Chapter 8 Association rule mining

While \(K\)-means clustering is used primarily for numerical measures, we often have data where the variables are categorical. A common database type that we haven’t yet met comes in the form of a list of sets of items. A classical example is that of market basket analysis. A retail store has a large number of transactions during a particular time period, and is interested whether certain groups of items are consistently purchased together. With knowledge of such associations the store layout could be designed to place items optimally with respect to each other, or the data might be used for cross-selling (discounting an item if you purchase the second), catalogue design, or to identify customer segments based on purchasing patterns.

A number of other examples are similar to this, however. Results from questionnaires (particularly when the questions permit categorical answers) yield similar data, and the analyst may be interested in associations between the answers to different questions. Data from web searches may also be analysed in the same manner. People that search for certain terms may be more likely to also search for other terms. Further, there’s the possibility that improved search results65 might be gleaned: If a person has previously searched for ‘Apple’ and later searches for ‘Leopard’ then it may be that they are interested in Mac OS 10.5 (codenamed ‘Leopard’) rather than whether leopards eat apples.

Typically, such datasets consist of a large number of possible items and a large number of collections of those items, where each collection may contain only a small fraction of the total items available. A supermarket for example may have many thousands of products, yet each transaction may consist of at most a few hundred items, and in many cases fewer than ten items.

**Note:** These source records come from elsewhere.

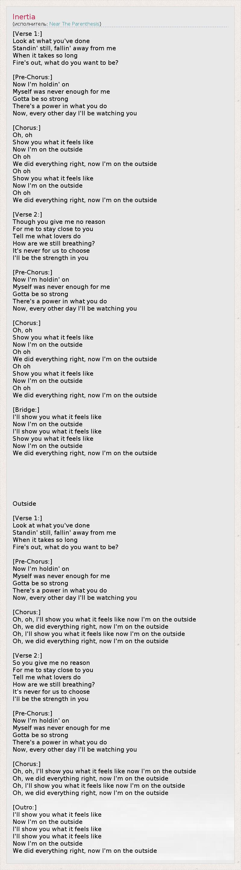 [Verse 1:] Look at what you've done Standin' still, fallin' away from me When it takes so long Fire's out, what do you want to be? [Pre-Chorus:] Now I'm holdin' on Myself was never enough for me Gotta be so strong There's a power in what you do Now, every other day I'll be watching you [Chorus:] Oh, oh Show you what it feels like Now I'm on the outside Oh oh We did everything right, now I'm on the outside Oh oh Show you what it feels like Now I'm on the outside Oh oh We did everything right, now I'm on the outside [Verse 2:] Though you give me no reason For me to stay close to you Tell me what lovers do How are we still breathing? It's never for us to choose I'll be the strength in you [Pre-Chorus:] Now I'm holdin' on Myself was never enough for me Gotta be so strong There's a power in what you do Now, every other day I'll be watching you [Chorus:] Oh, oh Show you what it feels like Now I'm on the outside Oh oh We did everything right, now I'm on the outside Oh oh Show you what it feels like Now I'm on the outside Oh oh We did everything right, now I'm on the outside [Bridge:] I'll show you what it feels like Now I'm on the outside I'll show you what it feels like Show you what it feels like Now I'm on the outside We did everything right, now I'm on the outside Outside [Verse 1:] Look at what you've done Standin' still, fallin' away from me When it takes so long Fire's out, what do you want to be? [Pre-Chorus:] Now I'm holdin' on Myself was never enough for me Gotta be so strong There's a power in what you do Now, every other day I'll be watching you [Chorus:] Oh, oh, I'll show you what it feels like now I'm on the outside Oh, we did everything right, now I'm on the outside Oh, I'll show you what it feels like now I'm on the outside Oh, we did everything right, now I'm on the outside [Verse 2:] So you give me no reason For me to stay close to you Tell me what lovers do How are we still breathing? It's never for us to choose I'll be the strength in you [Pre-Chorus:] Now I'm holdin' on Myself was never enough for me Gotta be so strong There's a power in what you do Now, every other day I'll be watching you [Chorus:] Oh, oh, I'll show you what it feels like now I'm on the outside Oh, we did everything right, now I'm on the outside Oh, I'll show you what it feels like now I'm on the outside Oh, we did everything right, now I'm on the outside [Outro:] I'll show you what it feels like Now I'm on the outside I'll show you what it feels like I'll show you what it feels like Now I'm on the outside We did everything right, now I'm on the outside
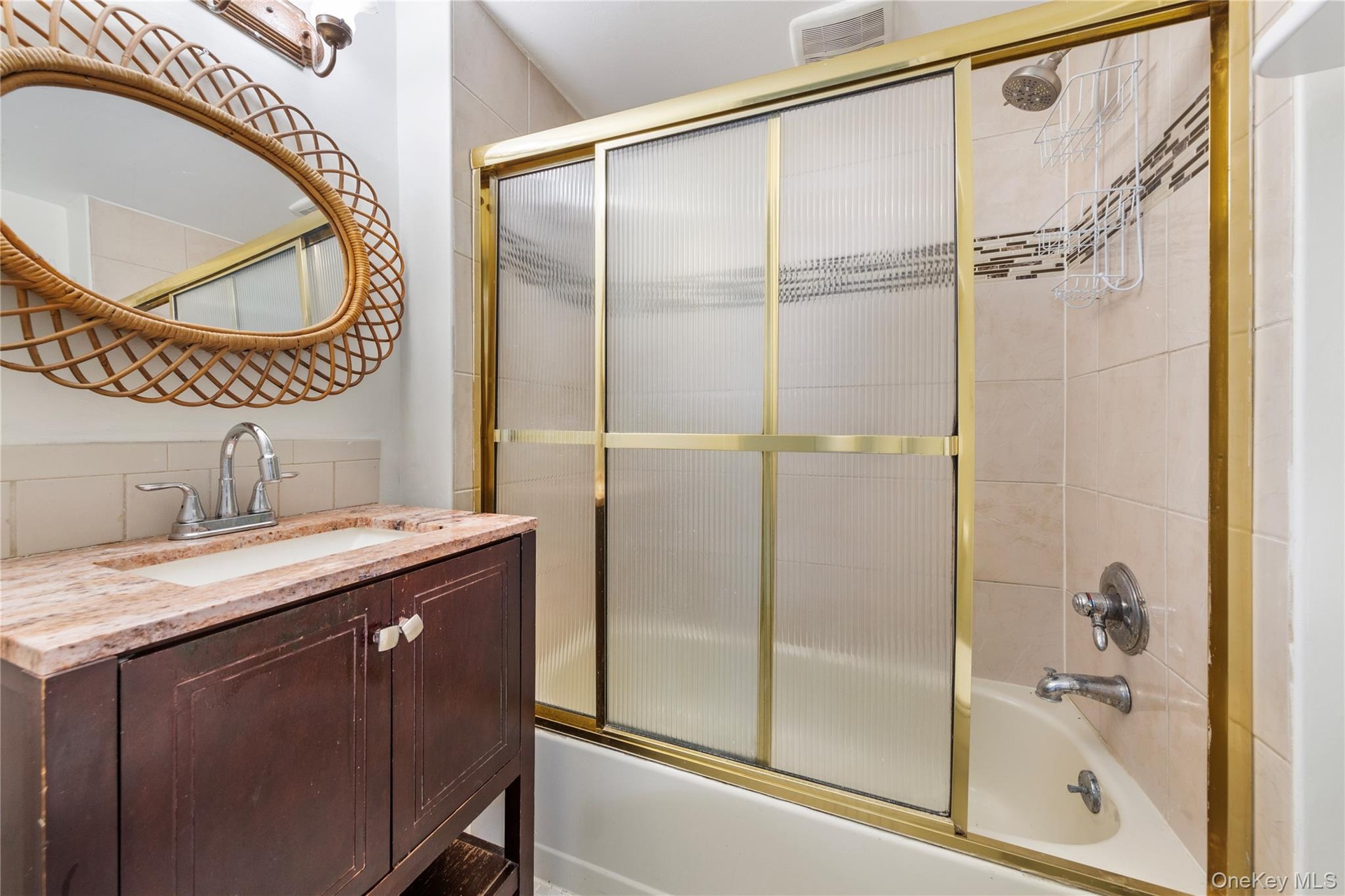 - Full bathroom with vanity, baseboard heating, bath / shower combo with glass door, and plenty of natural light
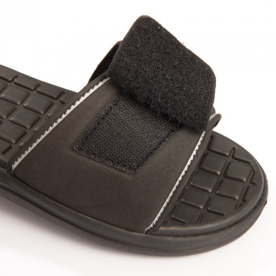 Deze ULTRALICHTE BADSLIPPER is uitzonderlijk en niet alleen ongewoon, maar ook heel voetvriendelijk voor uw voeten! Lichtgewicht (slechts 120 g!) Geeft een aangenaam "gewichtloos" lopen - en is ideaal voor vakantie of weekend en gemakkelijk voor in de bagage tas! Door de zachte zool voelt men niet elke steen , en door het diamant structuur worden ze drooggelopen. Met het klittenband is de schoen volledig te openen en aan te passen aan uw voet. Sneldrogend synthetische bovenmateriaal in zwart en zilver, anti-slip buitenzool. Een Badslipper met fantastische prijskwaliteit verhouding, die uk unt
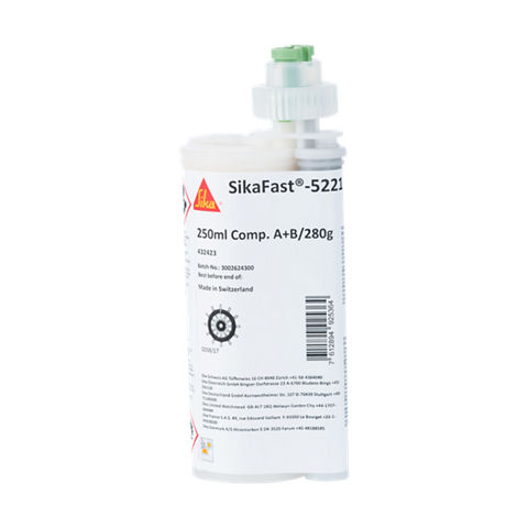 Uncured SikaFast®-5211 NT is a pasty, non-sagging, hardly inflammable material which allows an easy and precise application. Thanks to its fast cure it allows for fast handling of bonded components. The broad adhesion range enables to bond diverse materials and to replace mechanical fixing.

Table 8.1 shows a few entries from a typical transaction database.

Table 8.1: An example supermarket database with six transactions.
transaction items
1 bread, milk
2 beer
3 butter
4 bread, butter, milk
5 bread, butter
6 bread, beer

The retailer is primarily interested in whether a product is purchased (presence/absence) rather than how many instances of the same item were purchased in the same transaction, so the data may typically be represented by a binary matrix as in Table 8.2.

Table 8.2: The binary matrix of transactions from Table 8.1
transaction bread milk beer butter
1 1 1 0 0
2 0 0 1 0
3 0 0 0 1
4 1 1 0 1
5 1 0 0 1
6 1 0 1 0

Association rules provide information about implications between item sets: if a transaction has items from set \(A\), do they also tend to have items from set \(B\)? This is an example of a rule which is an implication of the form \(A \Rightarrow B\), where \(A, B\) are itemsets with the requirement that they are disjoint (\(A \cap B = \emptyset\)). \(A\) is known as the antecedent (or lhs) and \(B\) is the consequent (or rhs) of the rule.

From Table 8.1, an example rule for the supermarket might be \(\{\textrm{milk},\textrm{bread}\} \Rightarrow \{\textrm{butter}\}\), meaning that if the customer purchases milk and bread, they also purchase butter. Even with this small dataset (just 4 items), there are 50 association rules. In general, for \(d\) items, the number of association rules is given by \[3^d - 2^{d+1} + 1,\] and thus is exponential in the number of items. The majority of these rules are of no use: It will be unlikely that there are transactions in the data set that contains the rules, thus we need to be able to select the interesting rules from all possible rules, without having to generate all possible rules to begin with.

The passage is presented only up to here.